Elderhood in the Raw

Elderhood in the Raw

by Robert Augustus Masters, PhD
sourced from Robert Augustus Masters newsletter
April 16, 2019

 

Elderhood is far from common — it is not something that automatically happens when we reach a certain age. It is something that is honed, deepened, birthed through the ongoing labor of ceasing to be a slave to our conditioning, especially after we’re no longer ascending the peak but are slowly, slowly sliding down the other side of it.

As such, it is more an undoing than a doing, an alignment with what doesn’t decline as we decline — it doesn’t depend on all our faculties operating at optimal levels, but does depend on deliberate, steady, disciplined alignment with what truly matters in the latter stages of an unabashedly human life.

Elders are not busy homesteading on the top rung, speaking from on high; they are still evolving, knowing this inside and out, still curious amidst the creaking and complaining of bones and sinews, still reaching even as they rest, their journey one of endless discovery and deepening, with their mortality whispering to them more and more often. Elders are iconoclastic warriors of heart and guts and unsung knowings, even if they are hobbling or super-forgetful or cranky — you can count on them to be straight with you, to challenge your certainties, to care about what really matters.

They are unapologetically human, having done their time in the forges and chill waters and considerable tests of maturation, bearing scars seen and unseen, their bloodstream taking its time, their foot easing off the accelerator, belly and jaw soft. Do they get reactive, cranky, abrupt, edgy? Sure, but in palatable doses, with whatever cleanup is needed close at hand. Elders may be mellow some of the time, but are not stuck in being positive.

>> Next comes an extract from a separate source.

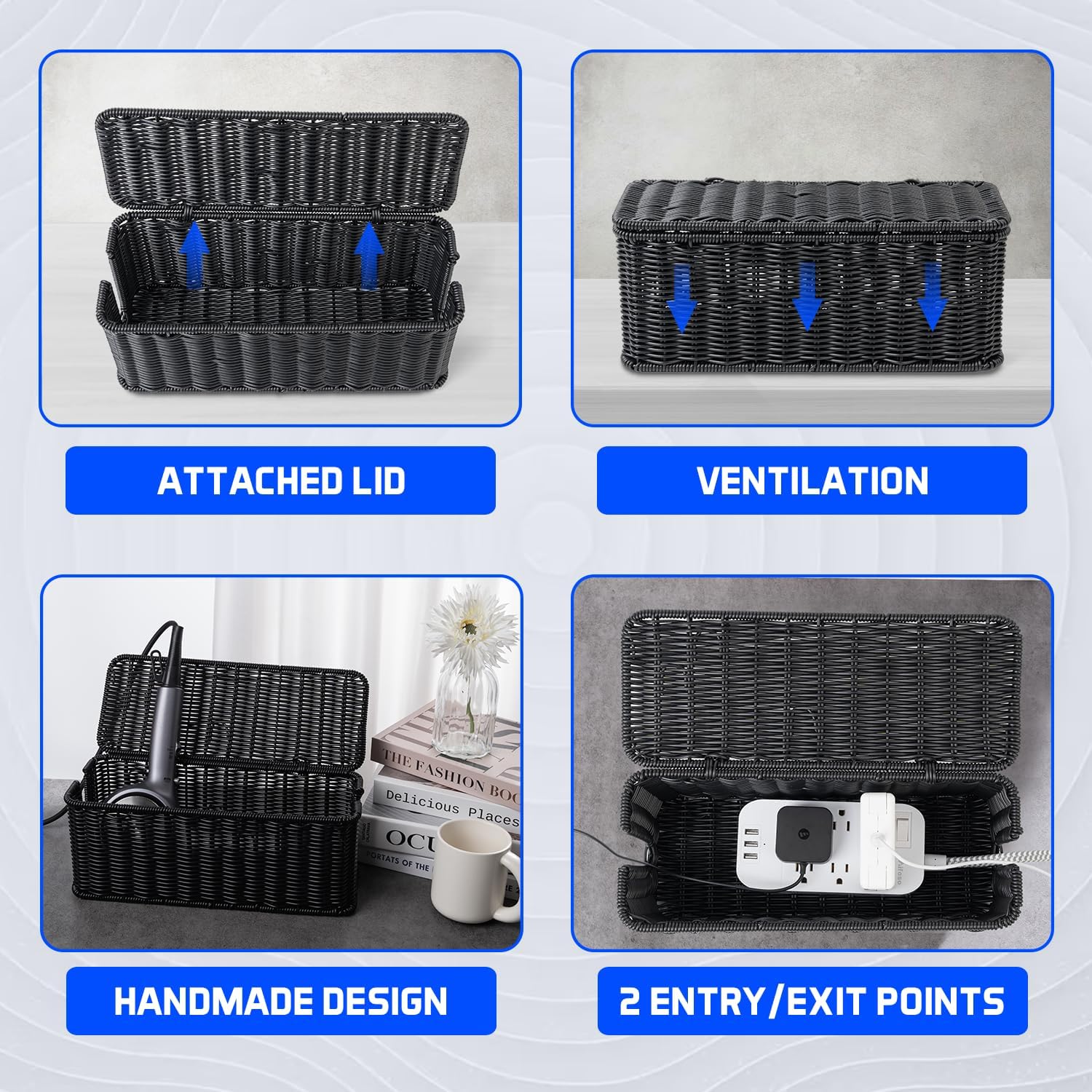 - Elegant & Safe Handwoven Synthetic Rattan: Our Cantalop Cord storage organizer with attached lid boasts a handmade polypropylene rattan like plastic, adding a touch of rustic elegance to any room. This cable organizer is carefully designed to hide wires and improve your space with a charming touch.

Elders have the capacity to die into Life, to die into a deeper death — as do some who are much more youthful — but they bring to this a gravitas, a getting-it-in-the-bones that is far less accessible for the younger. The decline of the body, however fit or trim or young-looking, gives fledgling elderhood the grounding, deep-rooted sobriety it needs.

Elders are clear, idiosyncratic channels for muddy waters, not caring much if they get dirty in the process. Etiquette may not be their strong suit. Their bodies may not be doing so well, but they honor their somatic reality, taking care of it without taking too much care of it. They do not bewail their physical and mental decline; it’s a slow downhill dance that is free of wallflowers and the need for an audience.

Elderhood is a robustly wrinkled ripeness, harvested for those who make their way toward it. In the buzz and hustle of contemporary culture, elders may seem like anachronisms, souvenirs from decimated cultures, with initiation rituals in one pocket and wheeze-reducing herbs in the other — but they are at the leading edge of our times, however small their numbers, doing what they can to help root us in our deep humanity even as we stretch for better skies.

Turn toward them. Honor them. Use them. Elders aren’t just taking a bedrock-strong stand, but are servants of that stand, stewards of the deeply relevant. They do this without hope, but with a stubbornly unshakable faith, their bodies bent but aglow with what this asks of them. Let us lean together into this, both bowing to it and embodying it, no matter how broken or aged our step may be.